CEO of engineering group hails ‘strong set of results’ after completing £80m acquisition

The CEO of Renew Holdings, the Leeds-based engineering services group with divisions across energy, infrastructure an environment, has hailed a “strong set of results” for the year after completing an acquisition which is set to strengthen its work across the UK’s rail networks.

The firm has reported a 9.6% rise in adjusted operating profit, from £28m to £31m. However, its group revenues dipped from £545m to £541m in the year to 30 September 2018, while pre-tax profits slipped to £14m from £19m.

Net debt at the year-end was £21.4m (2017: net cash £3.9m) reflecting the £80m acquisition of specialist rail contractor QTS in May – of which £45m was raised through a placing. The deal was the firm’s largest ever acquisition and strengthens the Group’s position in the rail market.

Engineering Services, which accounts for over 85% of Group revenue and 95% of operating profit, focuses on the key markets of Energy (including Nuclear), Environmental and Infrastructure, which are largely governed by regulation and benefit from non-discretionary spend with long-term visibility of committed funding.

 Paul Scott, CEO, told TheBusinessDesk.com this morning that although the rail contracts had flattened during the year, that had been expected during 2018. However, both Renew and QTS have been successful in winning places on frameworks which begin in April 2019 which will mean that the company works on seven of the eight rail networks across the country. 

“I am very pleased to be reporting a very strong set of results, driven by the engineering services division. We have focused on the quality and the opportunity.”

Of the QTS acquisition, Scott said he was so far “delighted with the contribution it had made to the group.” He added: “They are embracing the concept of being part of a larger group. It sets the foundations for what we believe is growth opportunity in the world of rail.”

Scott added that there had been growth in the water and environmental sectors of the group, with the “strongest year yet” with their work with the Environment Agency, and that during the year, Renew expanded its nuclear footprint. In its coastal and river work, Renew is still working on the River Fosse barrier. While he added that the topline revenue “was a bit mixed” the firm had a solid foundations for growth.

Renew’s specialist building division, which accounts for 5% of group operating margin and focuses on high quality residential market in London and the Home Counties, saw revenues reduce to £74.2m (2017: £106.8m) and operating profit reduce to £600,000 (2017: £2.4m). At the year-end, the forward order book stood at £48m (2017: £73m). Scott said the drop showed that the group had gone from delivering three major projects in 2017 to a reduced number this year because the firm was not looking to take on risk. He added: “It is nt a reflection of the market because the opportunity is very strong., It is just not a major part of the group.”

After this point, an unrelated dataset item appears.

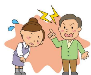
(身体障害・財物損壊を伴わない経済的損失)

6 依頼されていた要介護認定の申請代行を失念し、利用者が自己負担したことにより、賠償請求を受けた。

In February, the Group made the decision to exit from its gas infrastructure activities with the disposal of Forefront, allowing management to focus on the continuing growth opportunities elsewhere in the Group.

David M Forbes, Chairman, said: “I am encouraged by another set of excellent results which demonstrates the continued progress in executing our long-standing strategy by growing the business in our chosen markets both organically and through selective complementary acquisitions. Our solid foundations allow the Board to look forward to 2019 with confidence.”

The group announced an increased dividends payment of 10p per share, up from 9p in 2017.